■ **Activity**
Exactly the lines from the one containing "双击计算机目录下的61.13" through the one containing "これは急病になったりして救急" in the listing below are to be copied, with the pictures left out.

■ **Data for this task**
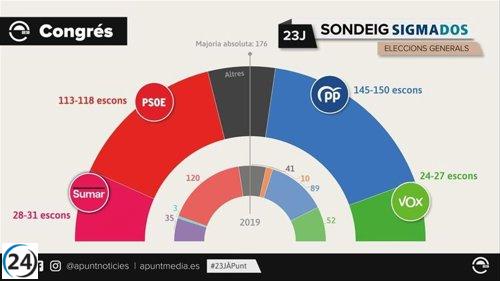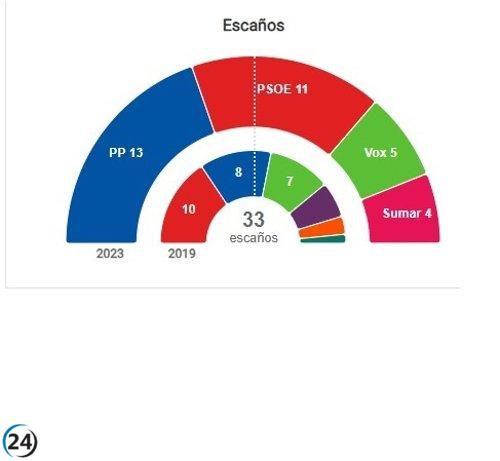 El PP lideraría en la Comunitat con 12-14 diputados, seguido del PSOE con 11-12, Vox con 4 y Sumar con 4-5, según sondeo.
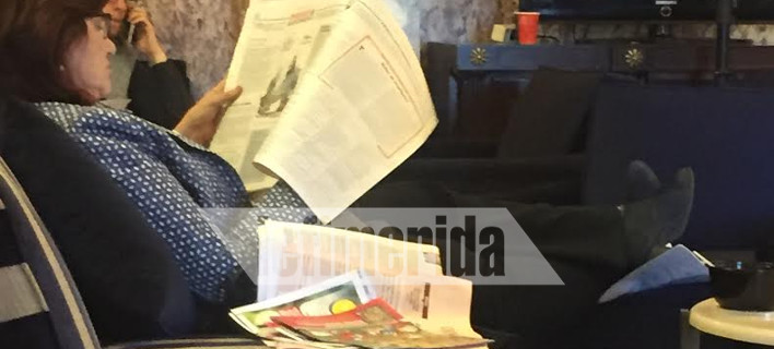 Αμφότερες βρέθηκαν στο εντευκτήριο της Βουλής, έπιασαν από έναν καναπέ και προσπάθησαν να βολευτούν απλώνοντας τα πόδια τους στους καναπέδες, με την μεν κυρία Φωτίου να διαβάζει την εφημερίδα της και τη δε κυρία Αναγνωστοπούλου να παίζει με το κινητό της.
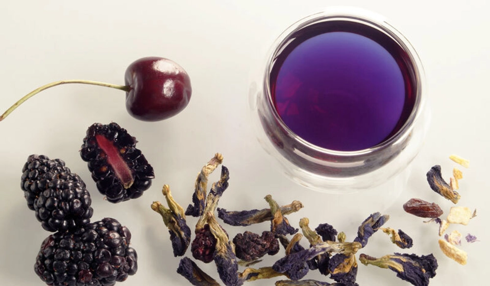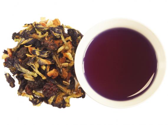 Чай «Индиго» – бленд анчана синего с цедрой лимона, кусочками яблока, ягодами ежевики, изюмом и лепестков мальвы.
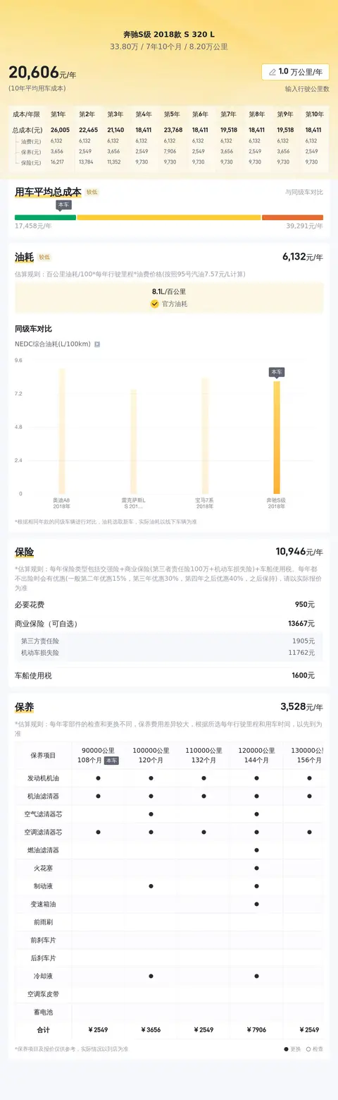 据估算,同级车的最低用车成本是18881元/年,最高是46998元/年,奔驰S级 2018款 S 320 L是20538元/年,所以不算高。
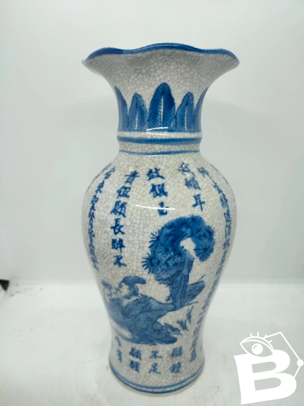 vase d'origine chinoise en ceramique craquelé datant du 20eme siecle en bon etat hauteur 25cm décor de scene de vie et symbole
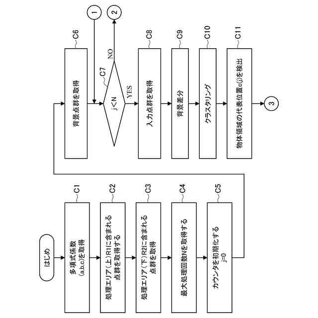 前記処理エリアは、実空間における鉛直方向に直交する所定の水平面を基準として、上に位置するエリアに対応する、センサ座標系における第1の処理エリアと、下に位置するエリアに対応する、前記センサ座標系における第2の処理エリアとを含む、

--

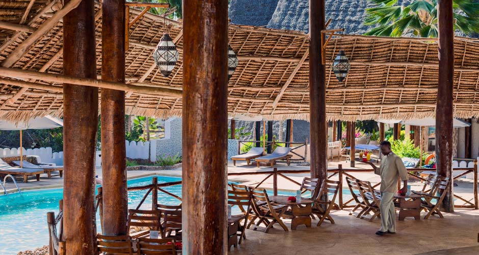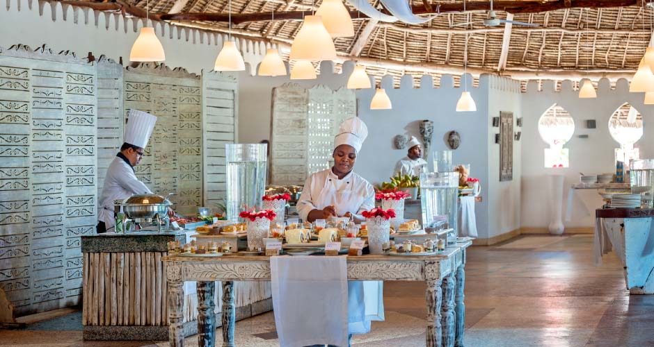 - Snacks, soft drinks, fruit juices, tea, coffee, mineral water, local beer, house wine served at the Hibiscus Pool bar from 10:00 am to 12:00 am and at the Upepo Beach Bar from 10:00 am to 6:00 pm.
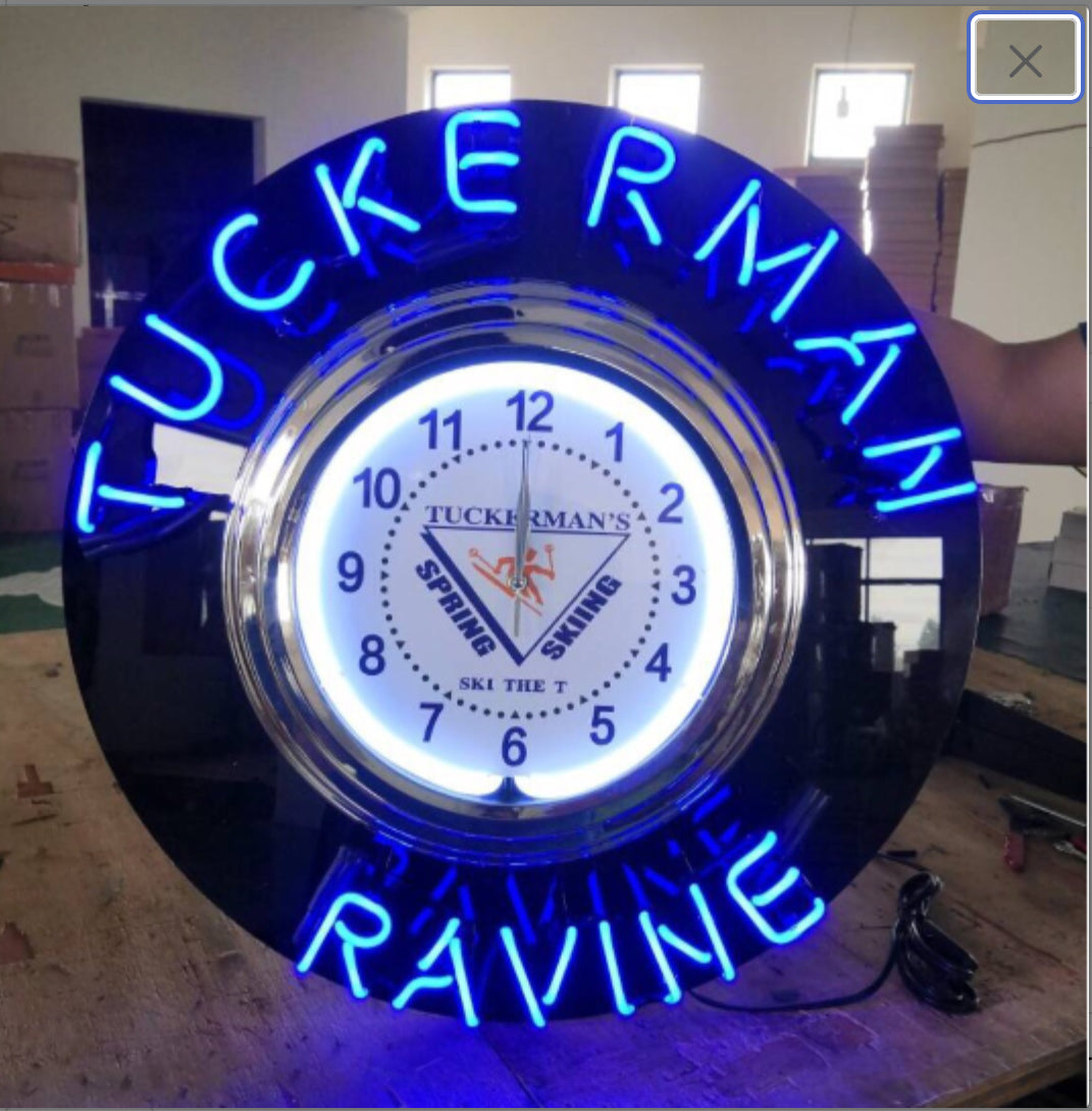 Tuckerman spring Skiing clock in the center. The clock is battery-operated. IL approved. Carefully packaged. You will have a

...

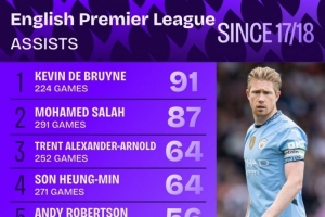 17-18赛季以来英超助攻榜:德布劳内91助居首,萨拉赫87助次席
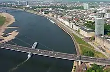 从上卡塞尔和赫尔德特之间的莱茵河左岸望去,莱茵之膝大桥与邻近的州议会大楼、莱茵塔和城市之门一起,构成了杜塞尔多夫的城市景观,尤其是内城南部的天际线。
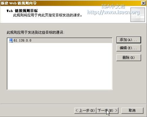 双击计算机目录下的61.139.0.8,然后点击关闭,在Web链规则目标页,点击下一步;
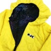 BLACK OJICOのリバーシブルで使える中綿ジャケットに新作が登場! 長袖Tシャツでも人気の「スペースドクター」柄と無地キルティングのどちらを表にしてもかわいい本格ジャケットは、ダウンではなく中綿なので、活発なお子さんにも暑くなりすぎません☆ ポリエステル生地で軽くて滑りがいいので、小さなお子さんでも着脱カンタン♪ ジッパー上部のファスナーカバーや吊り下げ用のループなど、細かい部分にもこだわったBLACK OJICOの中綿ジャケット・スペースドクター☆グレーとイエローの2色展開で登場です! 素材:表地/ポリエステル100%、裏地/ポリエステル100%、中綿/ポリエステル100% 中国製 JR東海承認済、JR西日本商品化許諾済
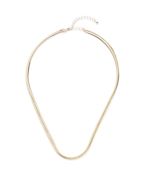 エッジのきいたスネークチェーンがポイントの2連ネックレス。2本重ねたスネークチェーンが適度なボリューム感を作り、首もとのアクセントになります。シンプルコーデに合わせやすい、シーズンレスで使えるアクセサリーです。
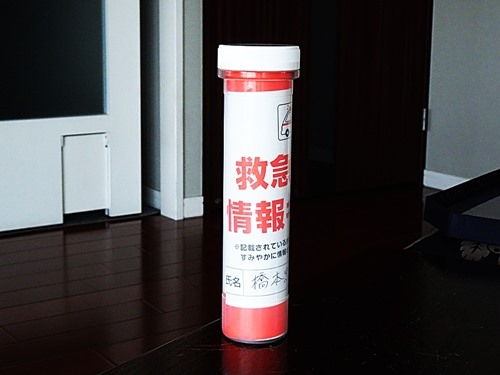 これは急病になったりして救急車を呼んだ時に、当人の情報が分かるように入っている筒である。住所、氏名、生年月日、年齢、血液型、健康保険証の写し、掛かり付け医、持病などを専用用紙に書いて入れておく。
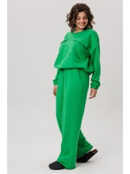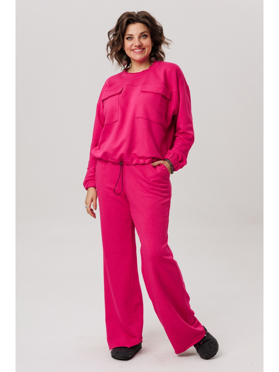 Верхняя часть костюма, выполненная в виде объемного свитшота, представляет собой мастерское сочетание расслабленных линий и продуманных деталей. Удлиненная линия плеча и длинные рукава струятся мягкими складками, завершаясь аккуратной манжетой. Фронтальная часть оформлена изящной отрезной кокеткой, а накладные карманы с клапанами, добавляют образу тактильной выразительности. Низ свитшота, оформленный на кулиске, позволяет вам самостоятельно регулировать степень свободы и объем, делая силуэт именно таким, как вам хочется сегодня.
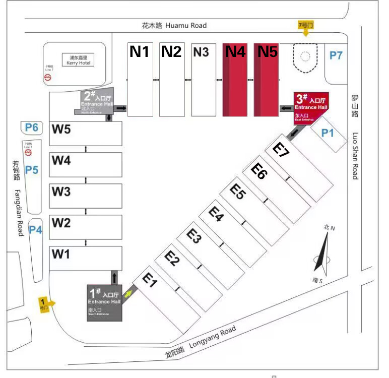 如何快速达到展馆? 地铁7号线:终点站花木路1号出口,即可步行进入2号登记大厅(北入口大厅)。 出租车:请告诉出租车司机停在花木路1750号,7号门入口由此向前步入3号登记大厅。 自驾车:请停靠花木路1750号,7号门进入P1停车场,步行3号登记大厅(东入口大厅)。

■ **Response to the exercise**
 双击计算机目录下的61.139.0.8,然后点击关闭,在Web链规则目标页,点击下一步;
 BLACK OJICOのリバーシブルで使える中綿ジャケットに新作が登場! 長袖Tシャツでも人気の「スペースドクター」柄と無地キルティングのどちらを表にしてもかわいい本格ジャケットは、ダウンではなく中綿なので、活発なお子さんにも暑くなりすぎません☆ ポリエステル生地で軽くて滑りがいいので、小さなお子さんでも着脱カンタン♪ ジッパー上部のファスナーカバーや吊り下げ用のループなど、細かい部分にもこだわったBLACK OJICOの中綿ジャケット・スペースドクター☆グレーとイエローの2色展開で登場です! 素材:表地/ポリエステル100%、裏地/ポリエステル100%、中綿/ポリエステル100% 中国製 JR東海承認済、JR西日本商品化許諾済
 エッジのきいたスネークチェーンがポイントの2連ネックレス。2本重ねたスネークチェーンが適度なボリューム感を作り、首もとのアクセントになります。シンプルコーデに合わせやすい、シーズンレスで使えるアクセサリーです。
 これは急病になったりして救急車を呼んだ時に、当人の情報が分かるように入っている筒である。住所、氏名、生年月日、年齢、血液型、健康保険証の写し、掛かり付け医、持病などを専用用紙に書いて入れておく。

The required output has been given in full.